Barriers to cointrogression for unlinked loci. A deterministic (i.e., infinite population size) and random- mating model for the introgression of mitochondrial (orange) and nuclear (blue) alleles after a one-time admixture event that introduces foreign alleles at a frequency of 5%. The two plots show the same results on two different timescales (note the differences in scales for both axes). The introduced mitochondrial haplotype is favored by selection and undergoes adaptive introgression. The selection coefficient for the introduced mtDNA (s_m) is 0.05. The solid lines depict a scenario in which the nuclear locus is neutral. Under this scenario, the introduced nuclear allele increases in frequency over the first few generations by hitchhiking with the introgressing mtDNA. But its frequency plateaus as mitonuclear LD is rapidly eliminated by random mating.
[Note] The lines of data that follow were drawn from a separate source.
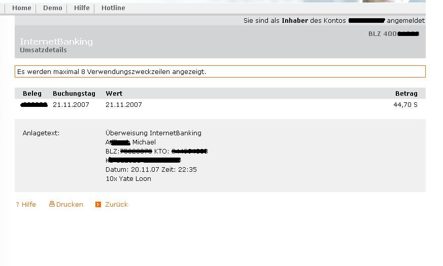 hmm ... naja aufjedenfall ist das Geld wieder auf meinem Konto ...
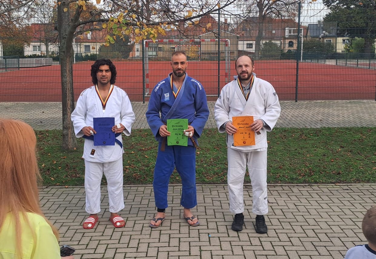 Frank wollte sich eigentlich seinem ersten Wettkampf stellen, aber der Rücken machte da nicht mit. Es juckte ihn zwar deutlich, als er die anderen beim Training sah, aber Vernunft und Ehefrau hielten ihn (richtigerweise) im Zaum. Dafür sorgte er als Grillmeister mit seiner Frau Siggi dafür, dass am Ende niemand hungrig oder durstig losfahren musste. Unser Dauer-Gast-Domfalke Vasile erkämpfte sich mit fünf dominanten Siegen in seiner Gewichtsklasse außerdem Gold und Vereinsfreund Lars aus Quedlinburg Silber hinter ihm. Das Comeback des Jahres feierte Manuels Frau Lisa, die sich spontan dazu entschloss endlich mal wieder einen Judoanzug anzuziehen. Nach drei vorzeitigen Siegen hatte sie gezeigt, dass sie es noch drauf hat. Gold für Lisa! Tom Luca und Jakob besetzten den ganzen Nachmittag Tisch und Listen. Am Ende ging wieder ein schöner Tag in der Judohalle rum und unser Verein präsentierte sich wieder einmal als erfolgreicher Ausrichter. Unser inzwischen gut eingespieltes (aber leider sehr kleines) Ausrichter-Team erhielt fast ausschließlich positives Feedback und hatten zwischendurch sogar Spaß an der ganzen Sache
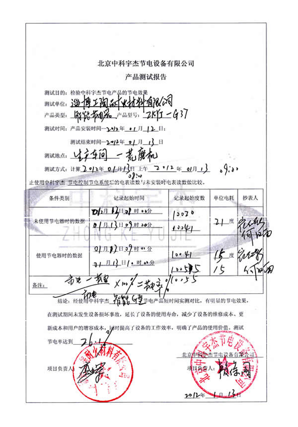 經(jīng)過我們公司工程師的分析,有較大的節(jié)電空間,經(jīng)測試安裝,幾臺設(shè)備的節(jié)電效果分別達到21.7%、25.9%、26.1%和40%。投資回報期1.5年。
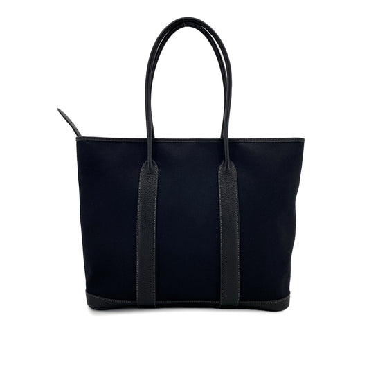 HERMES GARDEN ZIP MM BLACK TOILE OFFICIER LEATHER TOTE BAG □M 90247940
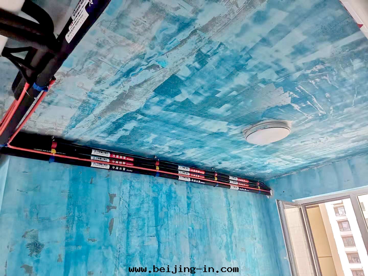 室(shì)外(wài)機(jī)外(wài)牆(qiáng)套管(guǎn)已经安(ān)裝(zhuāng)完畢
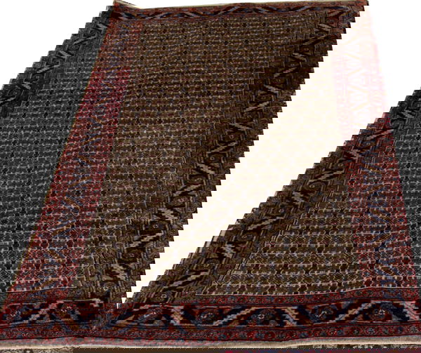 SoldPersian Wool Carpet, Bijar, 7'9" x 4'5"Persian Wool Carpet, Bijar, wool warp and weft, the field with an allover boteh design on navy blue, with multiple floral scroll and geometric borders. Dimensions: 7'9 x 4'5 Condition: Low areSee Sold Price

The dotted lines depict a scenario in which there is a symmetrical mitonuclear incompatibility between the native and introduced genotypes. The epistatic selection coefficient (s_i) acting against “mismatched” mitonuclear genotypes is −0.02. These incompatibilities are assumed to exhibit incomplete dominance, so heterozygotes experience half of this cost (0.01). Under this scenario, the rate of spread of the introduced mtDNA is slower because of its negative interactions with native nuclear alleles, but it nevertheless introgresses rapidly because of the strong selection on it (s_m is still 0.05). After the short initial hitchhiking phase, the introduced nuclear allele that is “matched” to the introgressing mtDNA actually starts to decline in frequency because of its harmful interactions with the native mtDNA, which remains far more abundant in early generations. The introduced nuclear allele does not begin to increase in frequency until the foreign mtDNA spreads to >50% in the population, creating a very long lag. Under a more realistic model with a finite population size, the introduced nuclear allele would be at risk of stochastic loss from the population because of its early decline in frequency and the long lag before there is any selection in favor of it. The code used to generate these models is provided as supplementary material.

Figure 4.

Accelerated and variable rates of protein sequence evolution in mitochondria. Branch lengths are scaled based on the proportion of amino acid substitutions in translated cox1 genes sequences from select bacterial and mitochondrial genomes (gray and black branches, respectively). Sequences were aligned with MAFFT (E-INS-i), and divergent N- and C-terminal portions of the alignment were manually trimmed. Branch length estimates were then generated in PAML v4.9a, using an LG+G model and a topology that was constrained based on published sources (Burki 2014; Lavrov & Pett 2016).

Box 2 Figure.

An example of introgression that is consistent with the possibility of mitochondrial mutation load selecting for adaptive replacement. The recipient species (Herichthys minckleyi) exhibits significantly higher nonsynonymous divergence than the donor species (H. cyanoguttatus) based on Tajima’s relative rate test (p = 0.009). Herichthys minckleyi also has a lower N_e and shows evidence of relaxed selection on the mitochondrial genome (Hulsey et al. 2016). Nonsynonymous branch lengths and w values (i.e., d_N/d_S) were estimated in PAML using a concatenation of all mitochondrial protein coding genes. The arrow indicates the direction of mitochondrial introgression. The cichlid image is from PhyloPic (M. Tan).